Last year, Malema donated a tractor to the elderly in Seshego, giving them an opportunity “to work the land”.

The event, held annually, is also used by the party to woo the elderly to enlist with the EFF - a party initially founded by mostly young people, most of whom deserted the ANC after Malema was expelled from the ANC Youth League.

Malema also managed to recruit a substantial number of PAC members.

Today’s event will be held at the Kgobaganang Sports Ground in Ward 13; and another at Masecha Primary School Sports Ground on December 30. The party had during its second national assembly held at Nasrec resolved that the Presidency must take care of all social development projects.

The EFF made this proposal, saying President Cyril Ramaphosa promised during his inauguration in May that no South African would be forced to live in poverty by the year 2050.

EFF MP Delisile Ngwenya who delivered the party commission’s report on social development said: “South Africa needs a co-ordinated and skilled approach to deal with poverty. All initiatives scattered across government can be co-ordinated from a central point. The president (Cyril Ramaphosa) must take full responsibility and all programmes related to poverty alleviation must be directed by the Presidency.”

In Gauteng, acting MEC for Social Development Panyaza Lesufi also announced a multibillion-rand strategy to restore the dignity of the poor in the province, starting with children on December 8.

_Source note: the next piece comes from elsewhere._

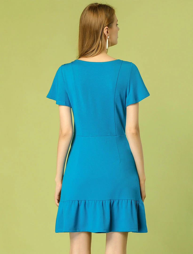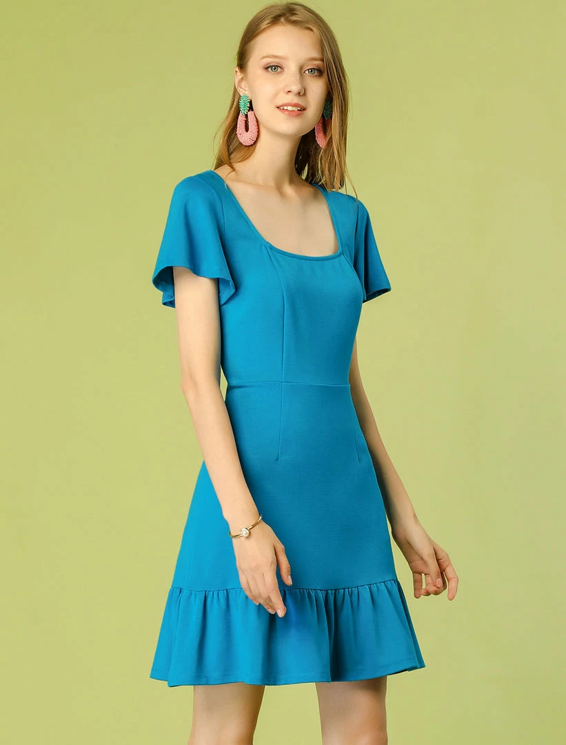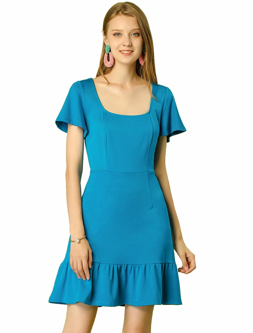 Allegra K Women’s Square Neck Flutter Sleeve Ruffle Hem Dress

“The strategy will protect the poor, the weak and vulnerable by providing solid services that will move them from dependency to independence. It will remove some beneficiaries from relying on social grants to work opportunities within government projects.”

Lesufi said the five pillars of the strategy were food security and urban farming, economic inclusion, social inclusion, skills development and education, health and safety and environmental sustainability.

The four-phase strategy will start immediately with protecting children, especially children in child-headed families, children in anti-abuse centres and children in distress.

Lesufi said the strategy aimed to benefit about 160000 children in total with 20000 children targeted this festive season. Children in need of immediate support would be identified by members of society.